Sunday 13 February 2022

What can I do if my cat dies at home?

The way I see it, you can do one of 3 things in terms of burial or cremation. However, before you deal with that it makes sense, I think, to spend a short some time with your cat and grieve over him or her. These are the last moment that you will be with your cat companion. 

Urn for your cat's ashes. This is for sale on . It is a very nice one.
Urn for your cat's ashes. This is for sale on . It is a very nice one.

There is a caveat here. Rabies still exists in America albeit rarely. It is possible it seems to me to get rabies from a deceased cat. Apparently, the virus remains alive inside a deceased animal for 48 hours. That possibility should be observed but this is going to be a very rare occurrence because rabies is rare and the virus is normally injected into a person via a bite. Although irrelevant to this discussion I remember a Vietnamese guy eating the brains of a monkey or dog and getting rabies.

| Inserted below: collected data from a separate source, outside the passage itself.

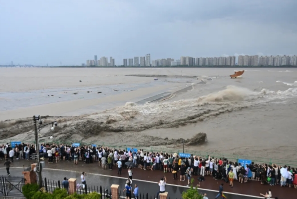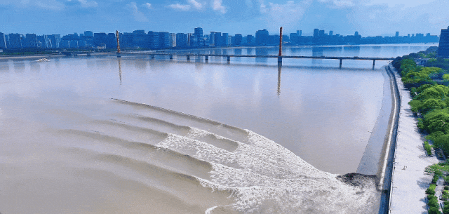 최근에 연출된 첸탕장(錢塘江) 어귀의 조수는 많은 관광객을 끌어들여 관상하게 한다.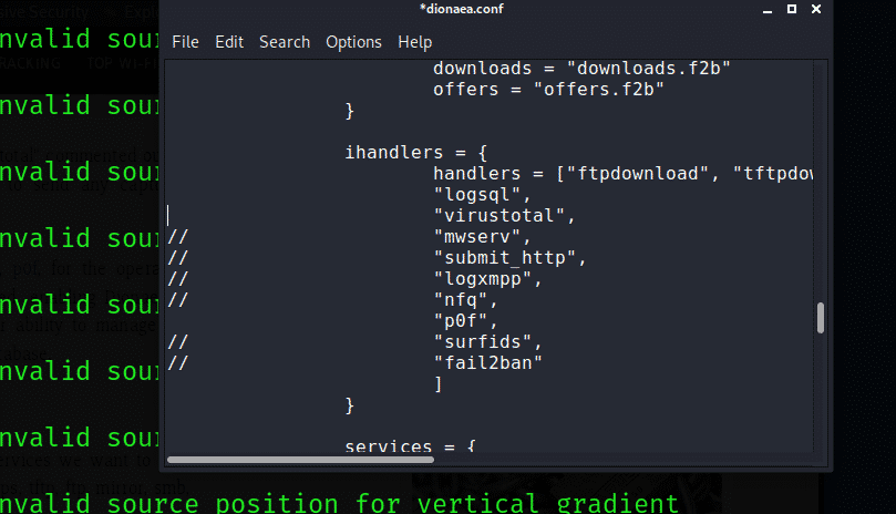 Open the Dionaea configuration file:
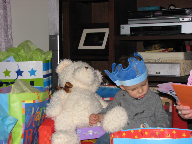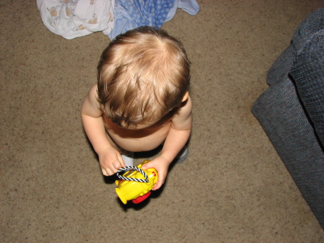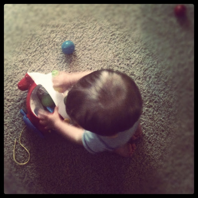 Just today I heard that he has learned to push his little bicycle over to the gate keeping him out of the kitchen, climb up on the bike, and try to climb over the gate. Little boys -- you can't keep them from engineering up something!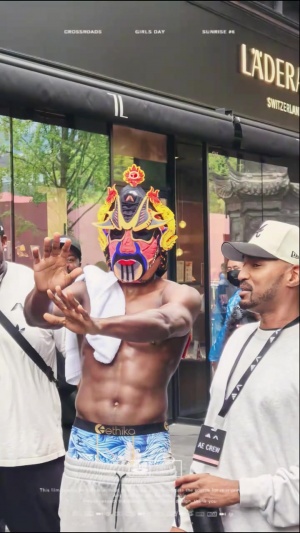 他戴着获赠的赵云戏剧面具在成都太古里逛街。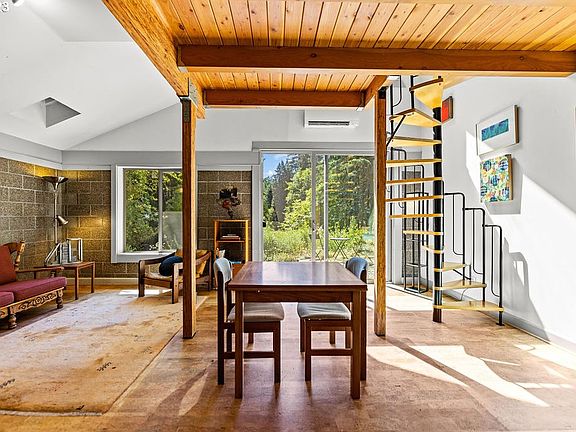 Welcome to your ultimate retreat & workspace in Scappoose! Tucked away on a private drive, this 6.52-acre property is the perfect opportunity for rural living or to escape city life and make all your dreams come true. The custom-designed and energy-efficient 2-bedroom NW Contemporary home exudes artistic charm and comes fully furnished, perfect for the home away from home. A brand-new heat pump efficiently heats and cools the space. Hang out on the main level or retreat to the lofted second bedroom to relax. Step outside & enjoy sweeping views of the property or meander down to the creek to explore. Previously owned by a well-known granite sculptor, the property boasts a detached 2500 sq ft studio that is fully equipped with a large bay featuring garage door access on two sides and soaring ceilings. Partially finished studio space with vaulted ceilings plus a fully finished office space and kitchenette complete the main level. A finished loft area above provides additional office/workspace and storage. The studio comes equipped with two pillar jib cranes, an industrial air compressor, 2 riding mowers, and so much more. An additional 576 sq ft. wood/metal shop with 220 power provides additional space for all your tools. This peaceful property is enclosed by two meadows and flanked by 2 creeks and designated forest land. Don't miss this extraordinary opportunity to own a unique rural sanctuary with everything you need to unleash your artistic visions and where creativity knows no bounds. Note: Internet access and landline service is available for the property.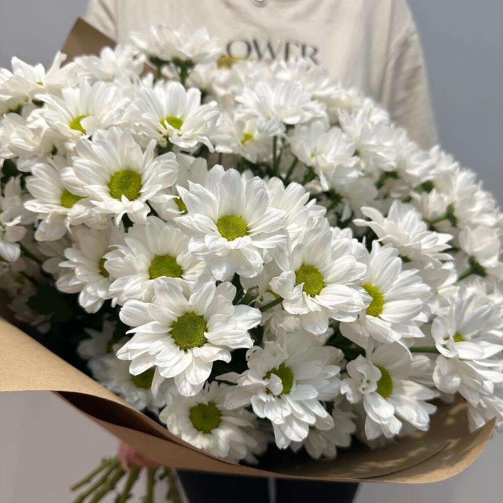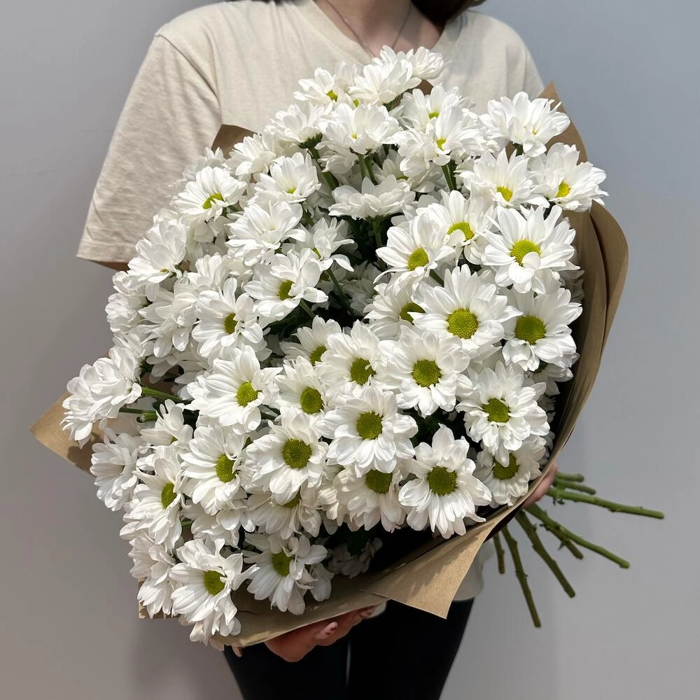 Свежий букет «Летняя свежесть» из белоснежных кустовых хризантем подарит ощущение летнего луга. Эти пышные цветы с нежными лепестками создают атмосферу легкости и чистоты. Идеальный выбор для летнего подарка или украшения интерьера.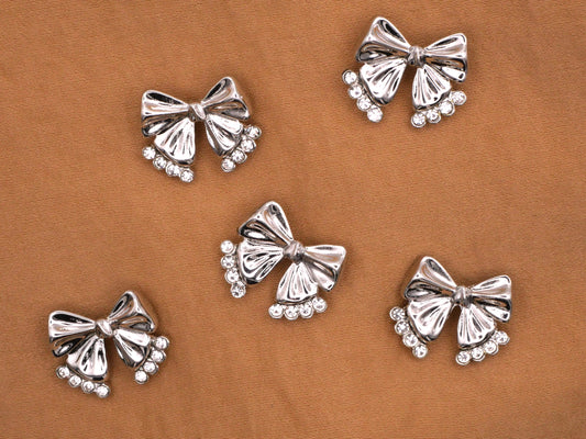 Bow Button Rhinestone Silver Gold 15x18mm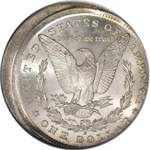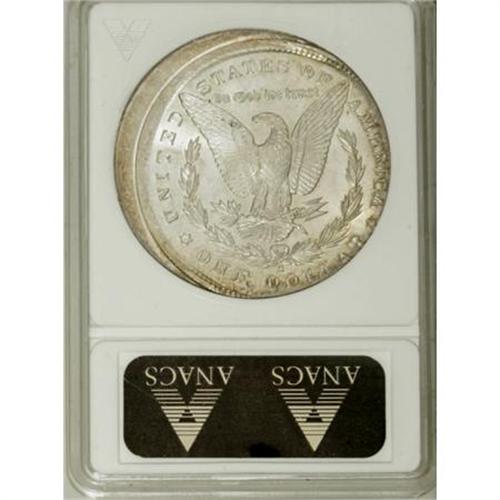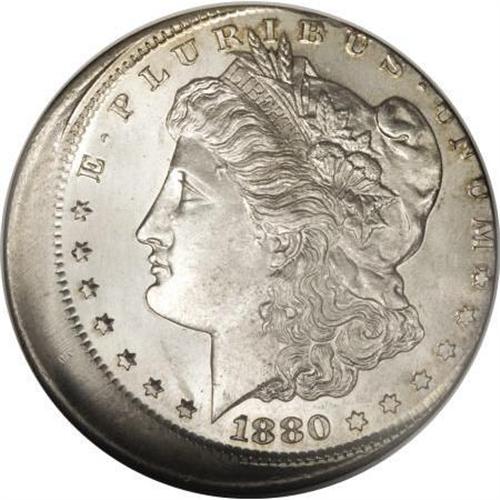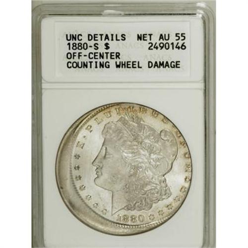 <B>1880-S $1 Morgan Dollar--Off-Center, Counting Wheel Damage--ANACS. Unc Details, Net AU55.</B></I> The 1880-S, considered one of the most ubiquitous Morgan dollar issues, has long been considered an available and commonplace issue across all grades. This dramatic off-center piece, by contrast, is anything but ordinary. The coin was struck between 10% and 15% off-center in the direction of 2 o'clock, which cut off part of the legend E PLURIBUS UNUM on the obverse and the outermost tips of a few letters on the reverse. The struck regions have delicate gold, pink, and silver-gray patina, while the unstruck regions offer deeper cloud-gray haze. A counting wheel mark, visible as a concave region of shiny, disturbed luster to the left of Liberty's nose, triggered the net grade, but this flaw has little impact on the visual appeal. A striking 19th century error piece of considerable size.<BR><BR><b>Shipping:</b> Coins & Currency (<a target="_blank" href="http://www.heritageauctions.com/common/shipping.php">view shipping information</a>)

A bit mad anyway to eat the brains of a dog but I think it is a cultural thing.

Nearly all diseases affecting cats are not zoonotic which means they can't be transferred from cat to human. I'm just making a small point for the sake of completeness.

Veterinarian arranged cremation

You can take your cat to your veterinarian and ask them to make arrangements for your cat to be cremated. They will probably charge a fairly modest fee. This takes away the hassle of making these arrangements. It's convenient. The downside, as I see it, is that the ashes that you receive might not be the ashes of your cat. This is because the pet crematorium may cremate several animals at one time. Not that this should be a huge worry because all traces of DNA are removed from the animal when they are properly cremated.

Individualised cremation

A better option, if you want to go down the route of cremation, would be to telephone your local pet crematorium and make arrangements for a private cremation. You take your cat to the crematorium, meet with an individual, and they will walk you through the process. You can watch your cat been cremated and receive the ashes while you wait. It is a while-you-wait process, essentially. And it should be because you want to make sure that it is a genuine individual cremation. It needs to be supervised in my opinion.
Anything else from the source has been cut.